# [EXERCISE AIM]
Pictures do not belong in the copy; transcribe everything else in the records exactly.

# [SOURCE DATA]
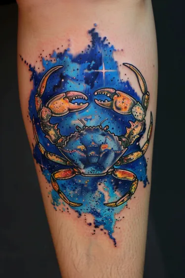 This tattoo is bursting with vibrant cosmic energy, featuring a detailed crab front and center against a dreamy galaxy-blue watercolor backdrop. The shell of the crab shimmers with hints of purples, oranges, and starlit sparkles, while its claws fade into nebula tones that feel straight out of a sci-fi fantasy. The background swirls with electric blues and tiny white dots that mimic stars, giving the entire design a deep space vibe that feels both bold and magical.
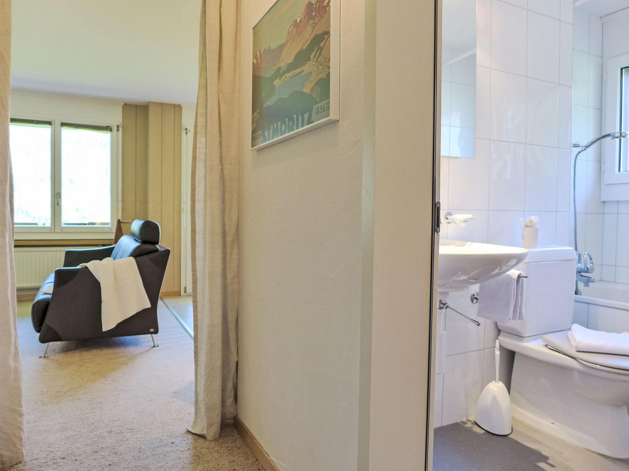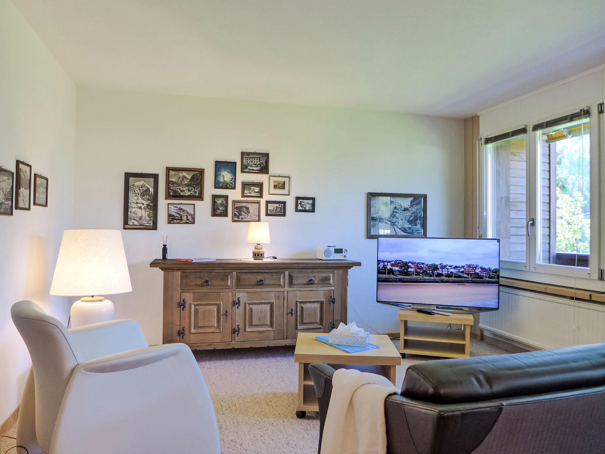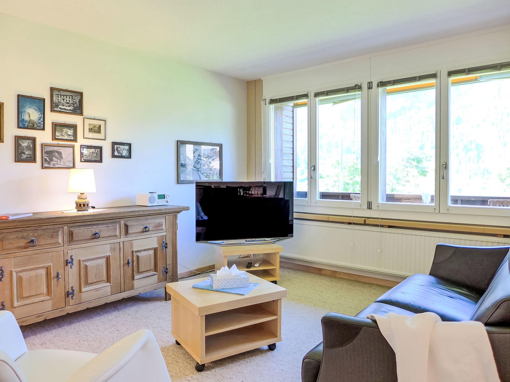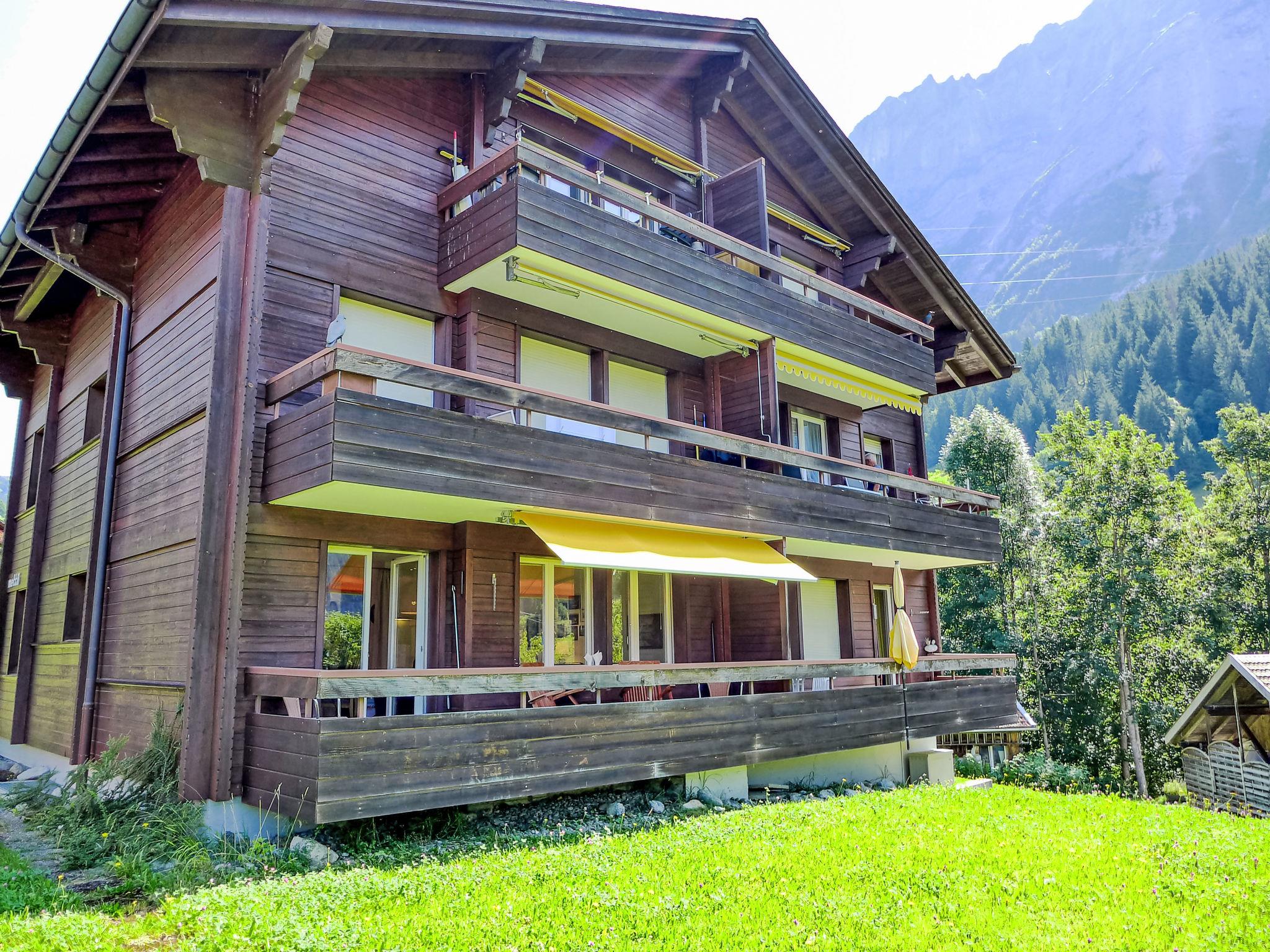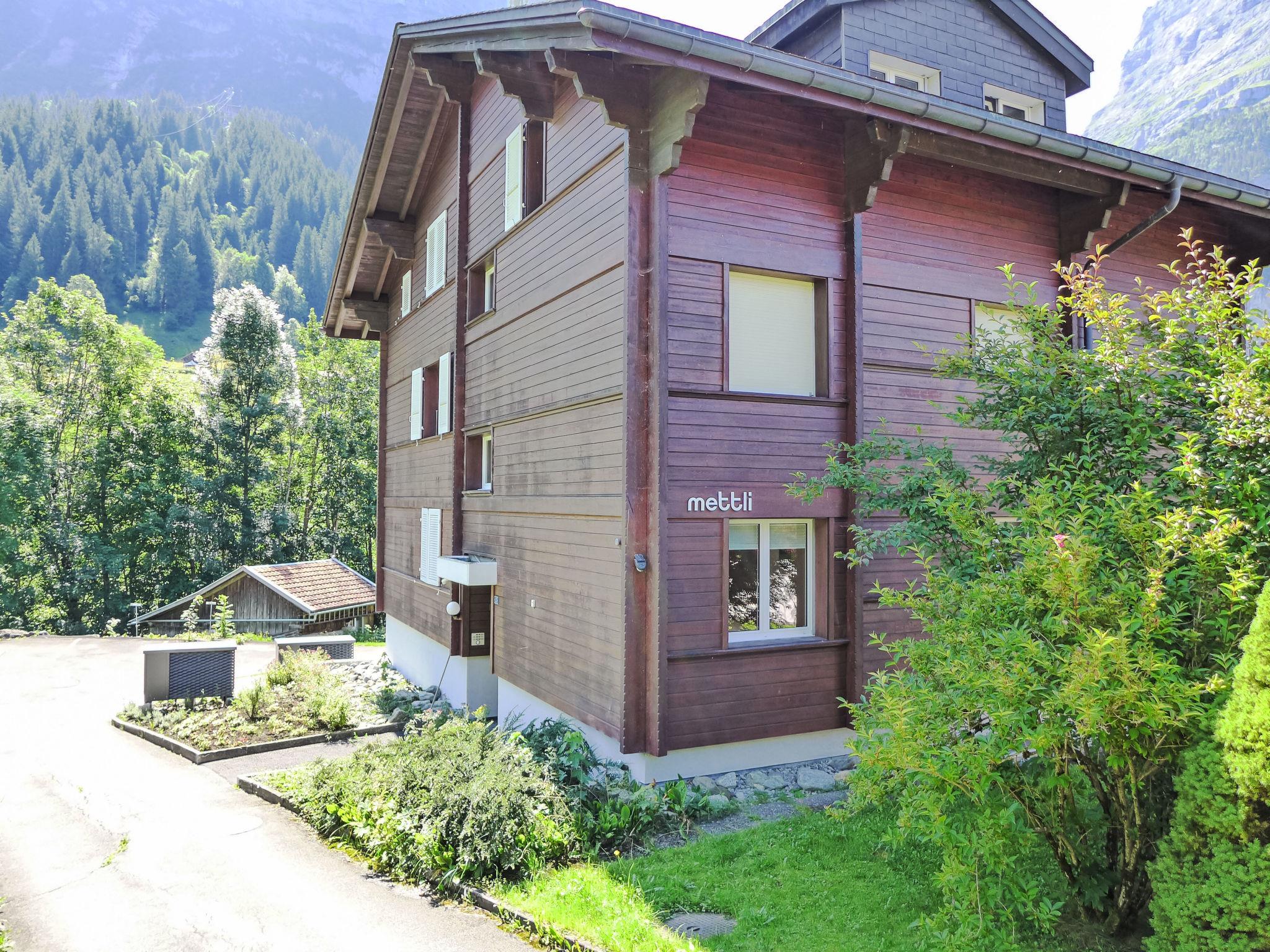 Simple apartment house "Chalet Mettli", 3 storeys, surrounded by meadows. In the district of Graben, 300 m from the centre, in a quiet position in the residential district, in a cul-de-sac, south facing position. In the house: storage room for skis, central heating system, washing machine, tumble dryer (for shared use, extra). Motor access to the house. In Winter: please take snow chains. Single garage at the house. Shop 700 m, supermarket 1 km, restaurant, bar 300 m, bakery 300 m, bicycle rental 500 m, 5 minute walk to the centre, bus stop "Pfingsteggbahn" 60 m, railway station "Grindelwald Dorf" 1.1 km, outdoor swimming pool 2.1 km, indoor swimming pool 1 km. Golf course (9 hole) 800 m, tennis 500 m, minigolf 500 m, sports centre 1 km, gondola lift, ski rental 500 m, ski bus stop 100 m, cross country ski track 500 m, children's playground 900 m. Well-known lakes can easily be reached: Thuner-/Brienzersee 18 km. Please note: no lift. Ski bus (free of charge). Free ski bus service to the ski region First, Männlichen, Kleine Scheidegg. The keys‘ handover takes place by the agency Interhome in Grindelwald, 1 km. Neighbourhood highly sensitive to noise. Quietness and good behaviour expected.
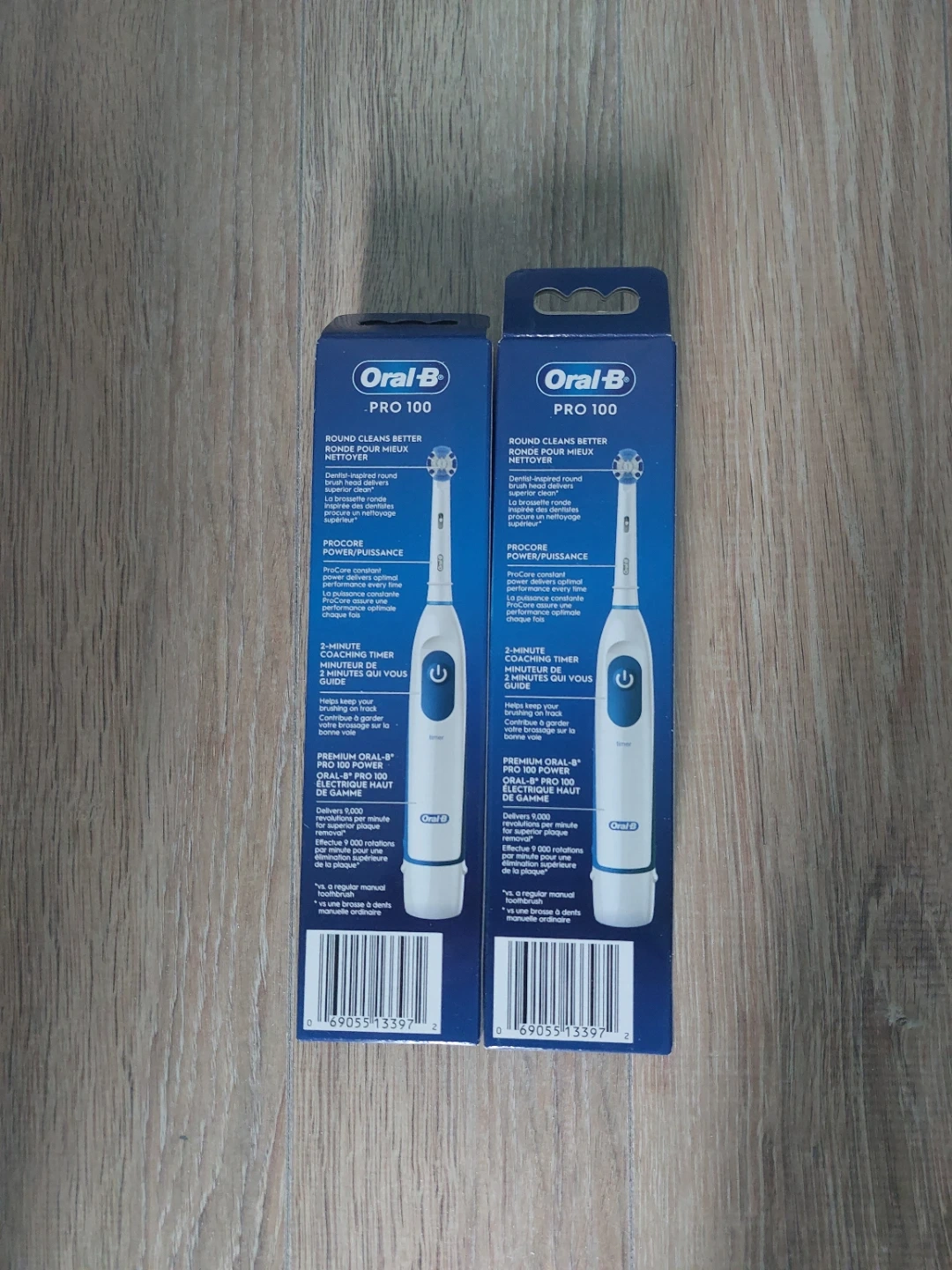 - Each comes with 1 handle, 1 brush head & 2 AA batteries
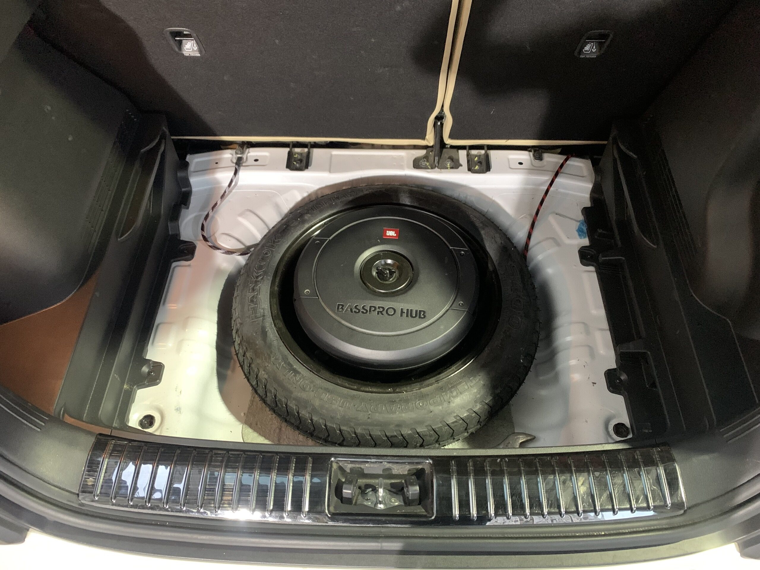 Subwoofer JBL BassPro Hub được lắp ở hốc bánh sơ cua
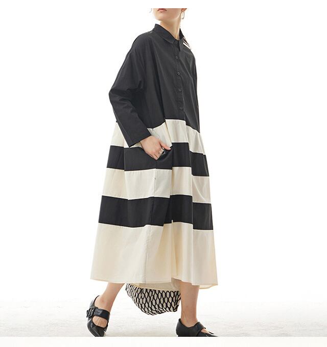ムクユーmukuu レディース ワンピース 薄手 襟付き 太めのボーダー柄 リラクシー雰囲気 柔らかい素材 上品爽やか品がある 夏物 リラクシー 上品 薄手 かわいい 綺麗
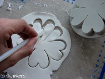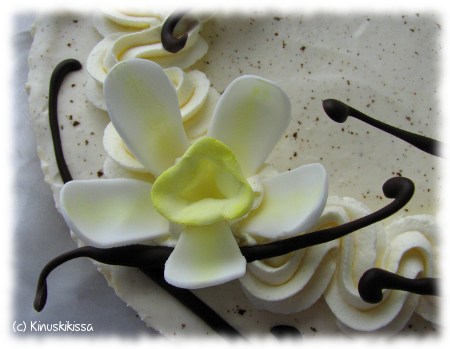 Kauli valkoinen sokerimassa tomusokeroidulla alustalla n. 1 mm paksuksi levyksi. Ota kuvioita muotilla. Vaniljankukkiin ei löydy valmista muottia, mutta voit hyödyntää muita muotteja. Tässä on käytetty lumpeenkukkamuottia. Leikkasin terälehdet kahdeksi irralliseksi lehdeksi. Voit käyttää myös sydänmuottia eli halkaista sydämen kahdeksi terälehden muotoiseksi kappaleeksi.

# [RESPONSE TO THIS TASK]
 This tattoo is bursting with vibrant cosmic energy, featuring a detailed crab front and center against a dreamy galaxy-blue watercolor backdrop. The shell of the crab shimmers with hints of purples, oranges, and starlit sparkles, while its claws fade into nebula tones that feel straight out of a sci-fi fantasy. The background swirls with electric blues and tiny white dots that mimic stars, giving the entire design a deep space vibe that feels both bold and magical.
 Simple apartment house "Chalet Mettli", 3 storeys, surrounded by meadows. In the district of Graben, 300 m from the centre, in a quiet position in the residential district, in a cul-de-sac, south facing position. In the house: storage room for skis, central heating system, washing machine, tumble dryer (for shared use, extra). Motor access to the house. In Winter: please take snow chains. Single garage at the house. Shop 700 m, supermarket 1 km, restaurant, bar 300 m, bakery 300 m, bicycle rental 500 m, 5 minute walk to the centre, bus stop "Pfingsteggbahn" 60 m, railway station "Grindelwald Dorf" 1.1 km, outdoor swimming pool 2.1 km, indoor swimming pool 1 km. Golf course (9 hole) 800 m, tennis 500 m, minigolf 500 m, sports centre 1 km, gondola lift, ski rental 500 m, ski bus stop 100 m, cross country ski track 500 m, children's playground 900 m. Well-known lakes can easily be reached: Thuner-/Brienzersee 18 km. Please note: no lift. Ski bus (free of charge). Free ski bus service to the ski region First, Männlichen, Kleine Scheidegg. The keys‘ handover takes place by the agency Interhome in Grindelwald, 1 km. Neighbourhood highly sensitive to noise. Quietness and good behaviour expected.
 - Each comes with 1 handle, 1 brush head & 2 AA batteries
 Subwoofer JBL BassPro Hub được lắp ở hốc bánh sơ cua
ムクユーmukuu レディース ワンピース 薄手 襟付き 太めのボーダー柄 リラクシー雰囲気 柔らかい素材 上品爽やか品がある 夏物 リラクシー 上品 薄手 かわいい 綺麗
 Kauli valkoinen sokerimassa tomusokeroidulla alustalla n. 1 mm paksuksi levyksi. Ota kuvioita muotilla. Vaniljankukkiin ei löydy valmista muottia, mutta voit hyödyntää muita muotteja. Tässä on käytetty lumpeenkukkamuottia. Leikkasin terälehdet kahdeksi irralliseksi lehdeksi. Voit käyttää myös sydänmuottia eli halkaista sydämen kahdeksi terälehden muotoiseksi kappaleeksi.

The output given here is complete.